Philippine Health Insurance Corporation (PhilHealth) CEO and president Ricardo Morales has resigned, Malacanang confirmed Wednesday.
Presidential Spokesman Harry Roque confirmed that the Office of the President has received Morales’ resignation letter, but added President Rodrigo Duterte has yet to formally act on it.
“We are still awaiting President Rodrigo Roa Duterte’s further action/instruction on the matter,” Roque said in a statement to the media.
Battling allegations of corruption and mismanagement in the state health insurer, Morales earlier said he would heed the call of the President to resign.
Duterte had asked Morales to step down due to his medical condition.

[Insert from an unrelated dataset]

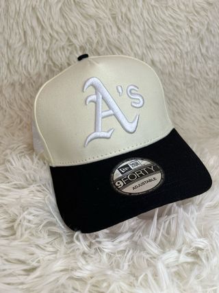 Gorra de béisbol de New Era con el logo de los Oakland Athletics. - Diseño 9Forty. - Combinación de colores beige y negro. - Parche lateral conmemorativo.

A former military general, Morales earlier this month sent a medical certificate signed by his attending oncologist disclosing that he was undergoing cancer treatment.
Morales said he would submit his resignation to Executive Secretary Salvador Medialdea on Wednesday.

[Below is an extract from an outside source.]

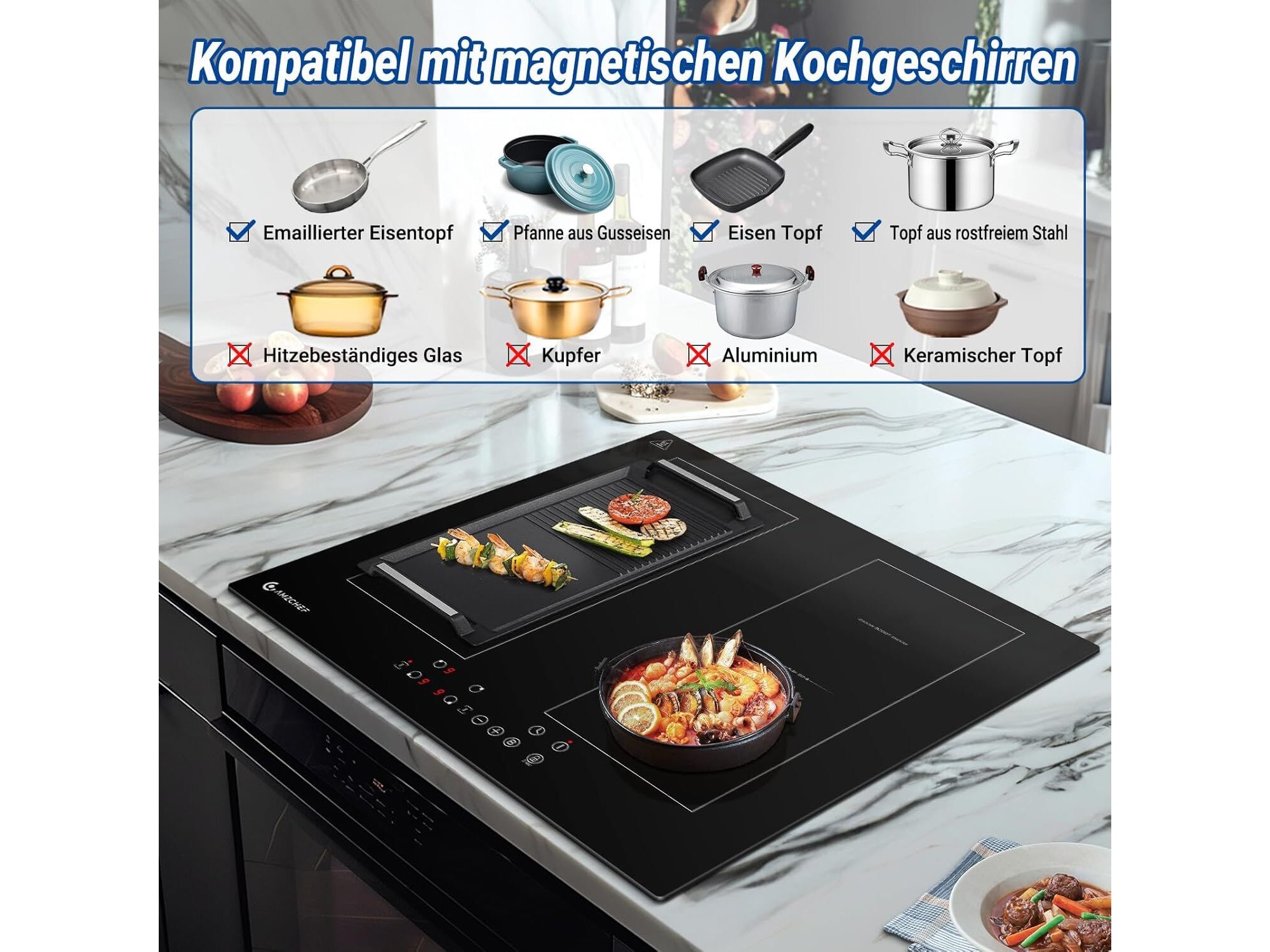 Amzchef inbouw inductiekookplaat (4 zones)

“I thank the President for allowing me to rest. I can now take care of my health and my family,” Morales told ABS-CBN’s TeleRadyo in Filipino.

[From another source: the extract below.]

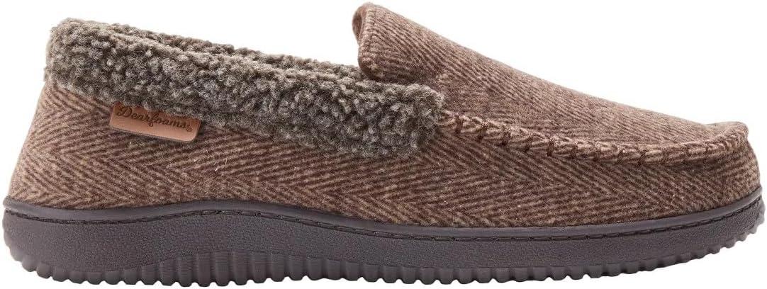 Dearfoams Men’s Brendan Indoor/Outdoor Breathable Memory Foam Clog House Shoe with Wide Widths Slipper(Coffee (Twill))
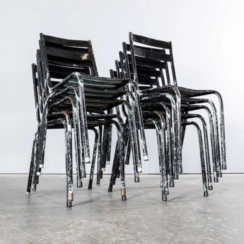 : 1950’s French ArtProg Sky Black Metal Stacking Outdoor Chairs -Various Quantities Available. Reminiscent of Tolix but not made by Tolix, ArtProg was a producer in Gray in Haute Saone. Sometimes known as the ‘Toledo’ chair it was industrially produced in the 1950’s.The chair was renowned as a marketing tool for the major brewers often stamped with the brewers name and given to the pubs/bars at substantial discount to help promote their beer. Good practical stacking outdoor chairs restored by our workshop and in good strong condition. This batch was originally a sky blue but has been overpainted in black at some stage. Seat Height 45cm. Date:1950’s Dimensions:80cm(w) x 48cm(l) x 48cm(h)

Earlier Wednesday, Malacanang said it was the “personal” decision of Morales to resign.
Morales was appointed to PhilHealth in August 2019, and has been on leave to undergo treatment for lymphoma or cancer of the lymph nodes.
Morales’ cancer disclosure came days after Duterte ordered on Aug. 7 the creation of a task force to investigate the alleged rampant corruption and irregularities within PhilHealth.
Health Secretary Francisco Duque III will accept Morales’s resignation, Health Undersecretary Maria Rosario Vergeire said.
Vergeire, however, said it will be up to the Office of the President “if they will accept [it] or not.”
Vergeire said Duque appreciates the work of Morales despite the accusations of corruption and controversies at PhilHealth.
Justice Secretary Menardo Guevarra, meanwhile, said the resignation of Rodolfo Del Rosario, PhilHealth’s senior vice president for legal, would make the investigation into PhilHealth easier.
Guevarra, who has been tasked by President Duterte to lead the task force in investigating the multi-billion fund mess in the PhilHealth, was given 30 days to come up with a recommendation.
Del Rosario was accused by PhilHealth board member Alejandro Cabading of being one of the members of the so-called mafia in the state health insurer.
Whistleblowers in a Senate inquiry this month had accused Morales of repeatedly approving allegedly overpriced projects and the release of funds to supposedly favored hospitals.
A purported “mafia” in PhilHealth also pocketed P15 billion in public funds, the witnesses said.
Morales, who has denied that a mafia is embedded in his agency, said he has signed a waiver to open up his bank records and agreed to a lifestyle check.
PhilHealth submits to Congress a weekly report and receipts of its interim reimbursement mechanism (IRM) or financial aid to medical facilities, he said.
“I am confident there is not an iota of evidence,” Morales said.
“I am confident that a thorough and fair investigation will clear us out,” he said.
The PhilHealth chief said he was also ready to face any criminal or administrative case. “That’s an occupational hazard,” he said.
Morales said he would go “back to anonymity” after his resignation.
The women’s party-list Gabriela said Duterte’s request for Morales to step down did no “justice to millions of Filipinos who were robbed of funds amid the COVID-19 pandemic.”
“His call for Morales’ resignation is in fact based on the latter’s medical condition, and not based on the widespread corruption in the agency which was unmasked in the Senate and House hearings,” the group said in a statement.
Duterte “cannot wash his hands clean over the PhilHealth mess” because he signed the Universal Healthcare Law that gave the agency more funds. He also “blessed the rollout of the P30 billion” IRM, said the party-list group.
Gabriela also expressed “extreme disgust” over a party at the PhilHealth Mimaropa office, where an almost-naked woman danced in front of an official reportedly celebrating his birthday.
Justice Secretary Guevarra declined to comment on Morales’s decision to resign.
“I’d rather lay this matter to rest. Our immediate and urgent concern at the moment is to find a worthy replacement for him,” Guevarra said.
Senator Panfilo Lacson said he feels sorry for Morales, not for anything else but for his health condition.
Despite still enjoying the full trust of President Rodrigo Duterte, the latter asked Morales to quit from his job at PhilHealth due to his health.
“I hate to think that the stress brought about by the intense hearings of the Senate Committee of the Whole may have taken a toll on his already infirm health condition,” said Lacson.
In spite of his possible complicity that could make him face some serious legal problems stemming from the report of the Senate Committee of the Whole, Lacson said he still hopes that Morales wins his bout against cancer and recovers.
Senate President Vicente Sotto III said Morales’s resignation was the right move.
Lacson said Del Rosario’s resignation was reason to hope for some good things to come.
Lacson said the paying members and all taxpayers who contribute to the state health insurance fund surely deserve a break from the cyclical corruption involving its top executives.